In the second place, it is necessary to determine whether or not the entry of the defendant upon these premises was justified under the provisions of Sec. 7, Chap. 334 of the Gen. Laws of 1909, which provides that the landlord or reversioner, where the rent is due and in arrear for a period of fifteen days, may reenter and repossess himself of the lands, etc. That is to say, was there any rent due from the plaintiffs to the defendant and in arrear for fifteen days at the time of the alleged trespass? According to the terms of the original lease from Price to the plaintiffs, which we have already found are controlling in the absence of any other or different agreement between the parties, the annual rent was due and payable on the first day of August in each year. This brings us down to the single question as to whether the transfer of the reversion carried to the assignee the right to rents already accrued. We do not think it did. The great weight of authority is that the transfer of the reversion will not carry rents already accrued but only such as have not yet become due. Coffey v. Hunt, 75 Ala. 236; Bordereaux v.Walker, 85 Ill. App. 86; Van Driel v. Rosierz, 26 Iowa, 575; Damren v.
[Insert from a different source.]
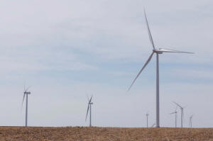 Wind turbines stand above the plains north of Amarillo, Texas, U.S.,

Am. L. P. Co., 91 Me. 334; Williams v.Williams, 118 Mich. 477; Burden v. Thayer, 3 Metc. 76; TheFarmers' Mechanics' Bank v. Ege, 9 Watts (Pa.) 436.

The rent of the premises for the year beginning February 1, 1909, and ending February 1, 1910, was due August 1, *240 1909, and did not pass to the defendant by the deed from Price under date of December 30, 1909. At the time when the defendant entered upon the premises and razed and removed the plaintiffs' building, there was no rent due from the plaintiffs to the defendant, and the defendant had no standing as a landlord or reversioner who may reenter on the ground that rent is in arrear for fifteen days, nor were the plaintiffs the recipients at any time of any statutory notice to quit. The defendant was clearly a trespasser.
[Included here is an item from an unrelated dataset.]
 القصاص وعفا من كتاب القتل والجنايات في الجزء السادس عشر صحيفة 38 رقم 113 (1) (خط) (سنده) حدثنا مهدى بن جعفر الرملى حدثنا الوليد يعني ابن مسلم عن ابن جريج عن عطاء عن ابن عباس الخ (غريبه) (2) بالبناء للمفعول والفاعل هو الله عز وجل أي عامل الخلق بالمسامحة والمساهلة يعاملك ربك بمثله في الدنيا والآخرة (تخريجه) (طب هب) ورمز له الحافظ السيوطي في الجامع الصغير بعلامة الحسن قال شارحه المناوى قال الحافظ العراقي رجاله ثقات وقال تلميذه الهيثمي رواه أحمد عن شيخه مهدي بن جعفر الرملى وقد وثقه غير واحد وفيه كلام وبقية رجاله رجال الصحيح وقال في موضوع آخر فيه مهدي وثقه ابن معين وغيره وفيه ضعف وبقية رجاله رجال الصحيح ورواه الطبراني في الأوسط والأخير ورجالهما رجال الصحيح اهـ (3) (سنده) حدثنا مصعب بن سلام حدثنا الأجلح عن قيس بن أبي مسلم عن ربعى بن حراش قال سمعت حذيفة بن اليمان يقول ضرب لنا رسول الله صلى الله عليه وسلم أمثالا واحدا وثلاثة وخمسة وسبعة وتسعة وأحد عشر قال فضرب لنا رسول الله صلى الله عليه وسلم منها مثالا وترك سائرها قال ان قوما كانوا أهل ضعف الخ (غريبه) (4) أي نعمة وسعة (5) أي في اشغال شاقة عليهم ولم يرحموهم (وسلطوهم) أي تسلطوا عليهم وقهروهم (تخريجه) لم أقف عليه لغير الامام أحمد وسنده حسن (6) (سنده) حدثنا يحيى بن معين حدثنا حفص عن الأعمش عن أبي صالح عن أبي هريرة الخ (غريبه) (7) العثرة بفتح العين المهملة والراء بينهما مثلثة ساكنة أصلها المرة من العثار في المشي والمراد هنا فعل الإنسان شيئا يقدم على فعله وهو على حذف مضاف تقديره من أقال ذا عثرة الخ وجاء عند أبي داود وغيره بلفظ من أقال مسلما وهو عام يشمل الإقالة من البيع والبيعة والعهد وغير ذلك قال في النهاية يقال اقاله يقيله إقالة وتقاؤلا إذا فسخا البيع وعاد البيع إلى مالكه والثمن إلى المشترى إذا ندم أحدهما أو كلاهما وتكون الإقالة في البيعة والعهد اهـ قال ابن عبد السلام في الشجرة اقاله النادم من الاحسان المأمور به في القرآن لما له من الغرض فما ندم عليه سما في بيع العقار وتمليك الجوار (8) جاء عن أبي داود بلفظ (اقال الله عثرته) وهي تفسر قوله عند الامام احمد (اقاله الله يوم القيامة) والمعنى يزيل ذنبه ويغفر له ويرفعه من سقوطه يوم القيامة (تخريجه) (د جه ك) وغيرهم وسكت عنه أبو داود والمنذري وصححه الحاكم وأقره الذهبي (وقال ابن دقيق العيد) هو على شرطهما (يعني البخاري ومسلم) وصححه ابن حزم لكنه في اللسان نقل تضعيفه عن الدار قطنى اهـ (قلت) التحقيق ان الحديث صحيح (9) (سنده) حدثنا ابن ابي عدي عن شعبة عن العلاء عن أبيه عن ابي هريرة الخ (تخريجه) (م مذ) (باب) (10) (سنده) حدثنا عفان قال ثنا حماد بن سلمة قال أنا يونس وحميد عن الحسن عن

At the trial the defendant took exception to the ruling of the court admitting in evidence the lease from Price to the plaintiffs covering a period of five years from February 1, 1895, and also to the denial of his first request to charge, relating to the right of the defendant to reenter, the rent being in arrear, etc. Inasmuch as the conclusions which we have already reached show the importance of the lease as evidence, and that the defendant had no right of reentry for nonpayment of rent, a particular discussion of those exceptions would be but a repetition of what we have already said upon those points.

All of the defendant's exceptions are overruled, and the case is remitted to the Superior Court, with direction to enter judgment on the verdict.